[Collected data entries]
= = = =

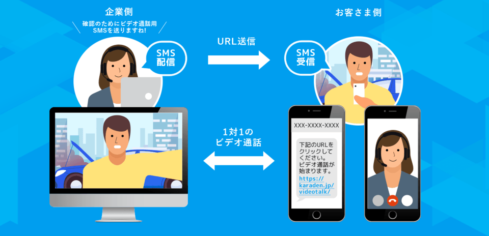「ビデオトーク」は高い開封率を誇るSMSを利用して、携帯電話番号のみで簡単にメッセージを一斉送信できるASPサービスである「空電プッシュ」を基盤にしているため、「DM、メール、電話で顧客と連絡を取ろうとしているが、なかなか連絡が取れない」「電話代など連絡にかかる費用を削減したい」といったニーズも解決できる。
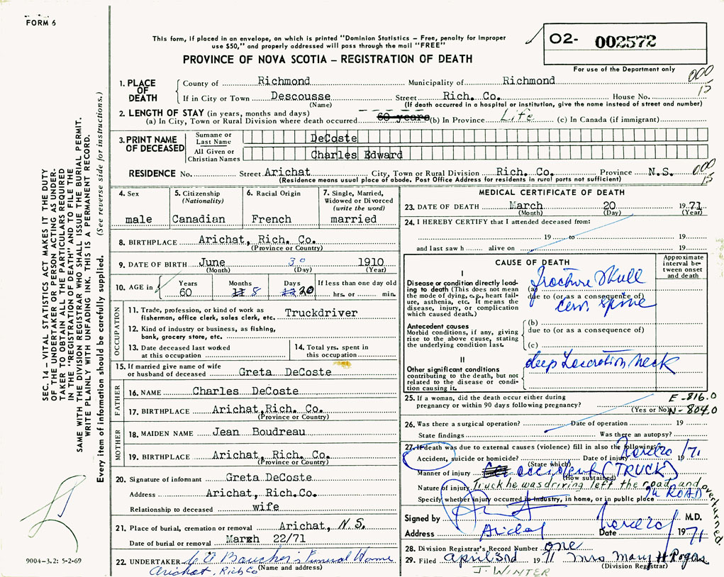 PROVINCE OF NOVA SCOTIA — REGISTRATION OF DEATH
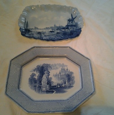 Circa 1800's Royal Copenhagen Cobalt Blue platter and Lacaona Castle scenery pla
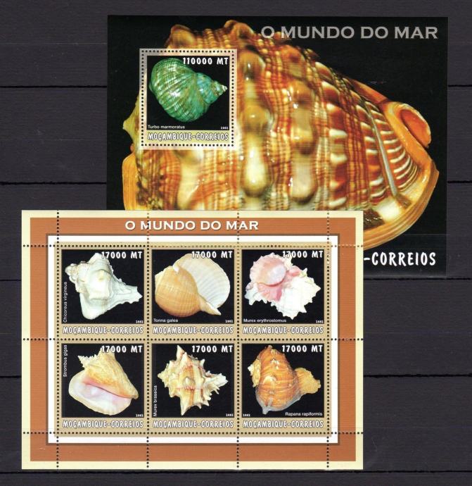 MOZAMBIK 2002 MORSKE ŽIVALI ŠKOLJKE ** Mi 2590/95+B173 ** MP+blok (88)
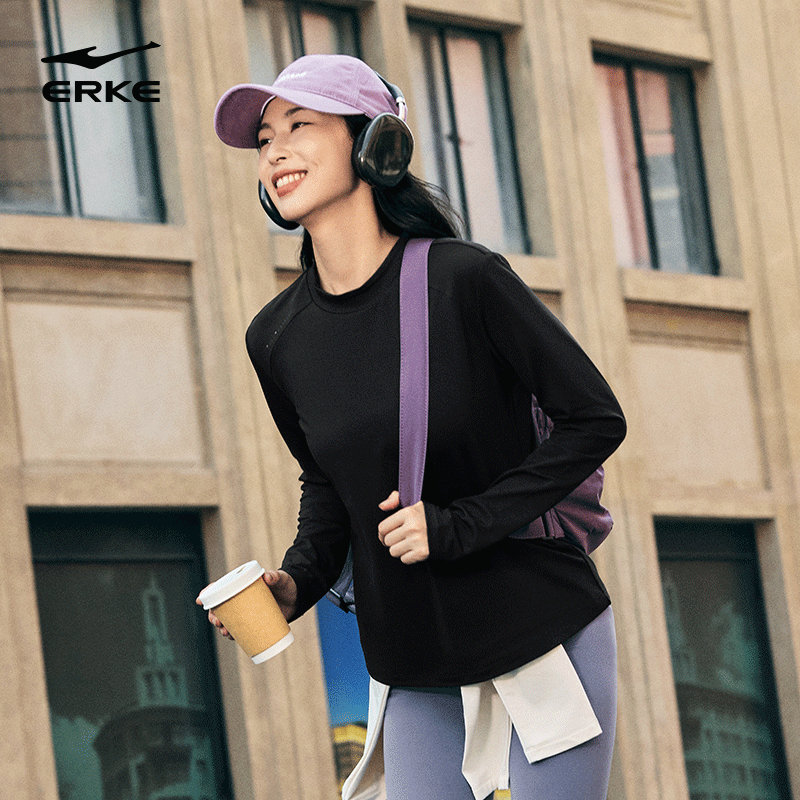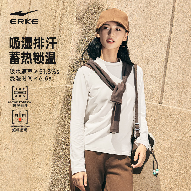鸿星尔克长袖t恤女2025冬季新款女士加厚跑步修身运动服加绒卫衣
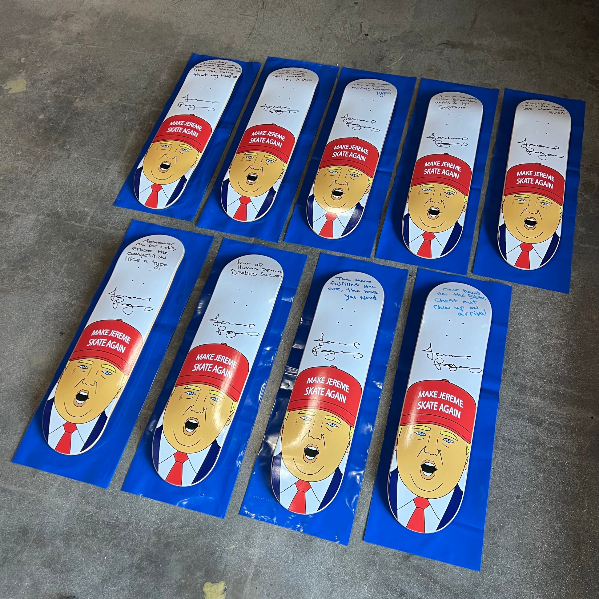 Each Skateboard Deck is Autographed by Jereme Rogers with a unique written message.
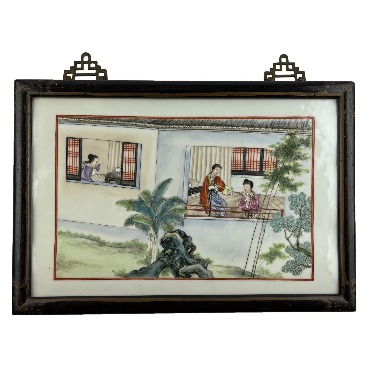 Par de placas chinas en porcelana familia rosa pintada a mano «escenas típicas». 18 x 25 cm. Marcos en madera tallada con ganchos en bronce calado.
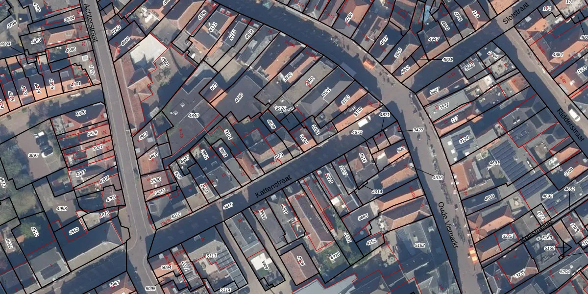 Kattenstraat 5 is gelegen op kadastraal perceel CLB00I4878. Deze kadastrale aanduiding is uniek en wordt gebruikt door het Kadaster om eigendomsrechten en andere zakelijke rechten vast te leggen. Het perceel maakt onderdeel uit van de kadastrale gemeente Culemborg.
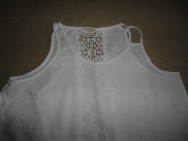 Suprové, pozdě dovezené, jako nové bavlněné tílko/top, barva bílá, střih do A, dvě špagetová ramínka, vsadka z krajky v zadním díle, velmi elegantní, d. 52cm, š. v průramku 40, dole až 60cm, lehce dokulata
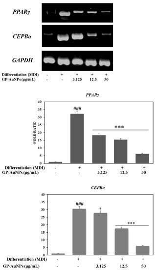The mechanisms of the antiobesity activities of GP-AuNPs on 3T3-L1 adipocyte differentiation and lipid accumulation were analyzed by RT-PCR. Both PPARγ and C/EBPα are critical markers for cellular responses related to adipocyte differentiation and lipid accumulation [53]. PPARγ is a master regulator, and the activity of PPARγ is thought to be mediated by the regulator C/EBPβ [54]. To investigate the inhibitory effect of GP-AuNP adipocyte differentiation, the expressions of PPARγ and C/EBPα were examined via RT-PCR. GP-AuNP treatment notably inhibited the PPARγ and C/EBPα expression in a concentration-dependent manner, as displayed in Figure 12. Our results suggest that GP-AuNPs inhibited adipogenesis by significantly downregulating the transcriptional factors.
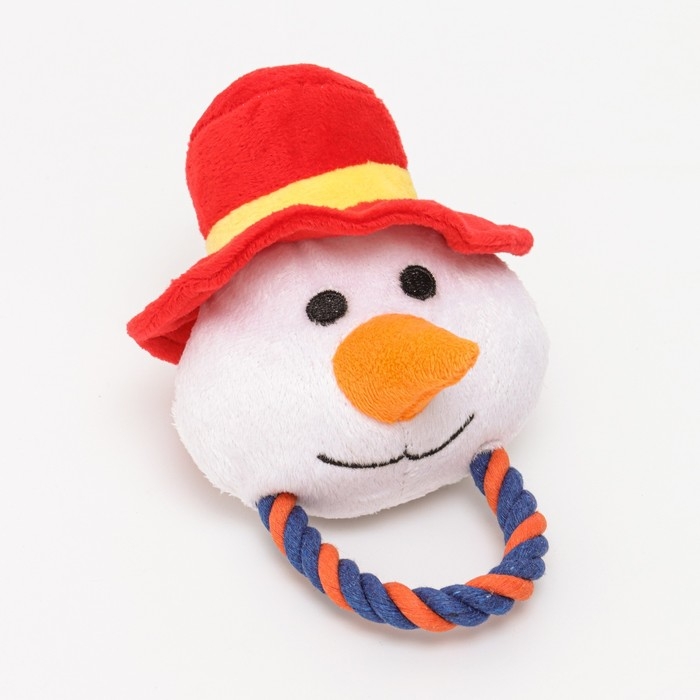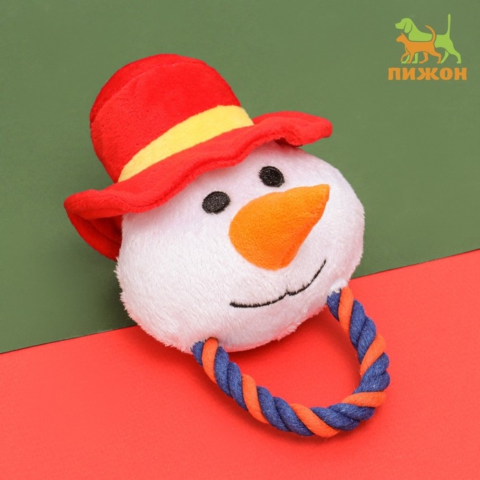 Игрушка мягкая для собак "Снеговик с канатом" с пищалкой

= = = =

### TASK INSTRUCTIONS
Beginning with the line above that contains "MOZAMBIK 2002 MORSKE" and ending with the line that contains "Par de placas", quote each line exactly, keeping out the pictures.

### TASK OUTPUT
 MOZAMBIK 2002 MORSKE ŽIVALI ŠKOLJKE ** Mi 2590/95+B173 ** MP+blok (88)
鸿星尔克长袖t恤女2025冬季新款女士加厚跑步修身运动服加绒卫衣
 Each Skateboard Deck is Autographed by Jereme Rogers with a unique written message.
 Par de placas chinas en porcelana familia rosa pintada a mano «escenas típicas». 18 x 25 cm. Marcos en madera tallada con ganchos en bronce calado.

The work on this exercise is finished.